I had no idea that she would one day straighten my veil…that one day I would see her hooked up to an epidural getting ready to meet her first baby…that one day she would take off work when my toddler was hospitalized….
And I had NO idea that she would one day drive me to emergency therapy….
She is the opposite of me emotionally.
Me always ready to pour out every emotion I had since the last time we talked and she maybe volunteering one emotion every blue moon (causing me to immediately sit up ramrod straight with bulging surprised eyes)
But she always listens to me. She always says she doesn’t know what to say.
We’ve done this pattern for years.
And yet. We can talk and talk and talk and talk for hours. And have done our whole lives together.
I don’t know how it happens
It has the same weird what the heck quality as our old journeys to the drugstore that lasted 90 minutes and we would come out with one or two things each.
I still don’t know what we did.
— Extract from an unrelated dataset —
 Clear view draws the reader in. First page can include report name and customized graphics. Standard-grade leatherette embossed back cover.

Walk around look at stuff and talk or something. I don’t really know. And I don’t know what we talk about.
One time she was driving to another state and I spent the entire drive on the phone with her. We literally talked on the phone for 6 hours. I was bored and mixed and suffering so welcomed it…
And we have perfected the art of speaking over eachother and yet somehow tracking what the other is saying.
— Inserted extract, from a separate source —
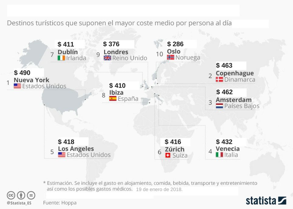 La agencia de viajes Hoppa ha publicado un informe en el que analiza los destinos vacacionales más caros y más baratos del mundo para 2018. Así, compara un total de 100 lugares mediante una serie de indicadores, entre los que se encuentra el coste del alojamiento, comida y el transporte. Como muestra esta infografía de Statista, una noche en Nueva York supone un gasto medio de $ 490 por persona. De esta forma, la ciudad de los rascacielos lidera la clasificación mundial, seguida por Copenhague y Ámsterdam.

And I know her little quirks and patterns and am amused that she is so distractible that when I make a joke it is common for her to seem like she didn’t even hear me and then repeat it and laugh a full three minutes later.
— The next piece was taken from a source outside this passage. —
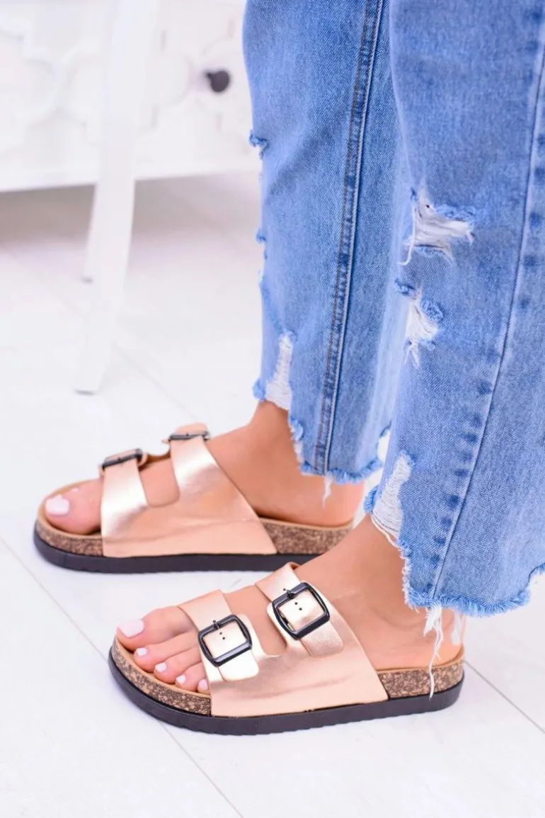 Damskie Klapki Z Klamrami Na Korku Champagne Ferone

And she has always been the perfect friend and roommate for a manic girl…happy to chat for hours…happy to drop everything at any moment and do whatever crazy shit thing I wanted to do…happy to paint walls with me at 2:30 in the morning with music blaring…
Years ago…post college and prediagnosis but before actual adult life…she told me that she knew that she couldn’t understand what I was going through and that she would never know what to say but that she wanted me to know that she loved me and would always be there for me and that she really wanted to help.
She wasn’t referring to Bipolar obviously but it holds true.
She has never wavered from that declaration to me.
She never knows what to say but she is always there.
If I need to talk she listens
If I text her SOS she texts back “do you need me to leave work”
If I say I am restless and bored she says “come over”
If I go into Labor she calls in sick and drives to my house to watch my other kids
If I ask her to read my orthorexia piece she does and then heartfeltingly apologizes for not being more aware in the past…(not my intention!)
If she is babysitting my kids and I call saying I think I forgot to take my meds, she goes and checks my med case.
She knows me. She doesn’t understand what I’ve been through.
But she’s been there the whole way through it.
She has seen me…physically been with me…at my highest and at my lowest.
She has seen me out of my mind at clubs and parties…she has seen me paralyzed on my kitchen floor.
She has forgiven me of all of the stupid shit I have done.
She has said over and over again…
“Claya stop it’s okay, I’ll do it.”
About once a week I invade her house with my entourage of tiny people or she shows up at mine.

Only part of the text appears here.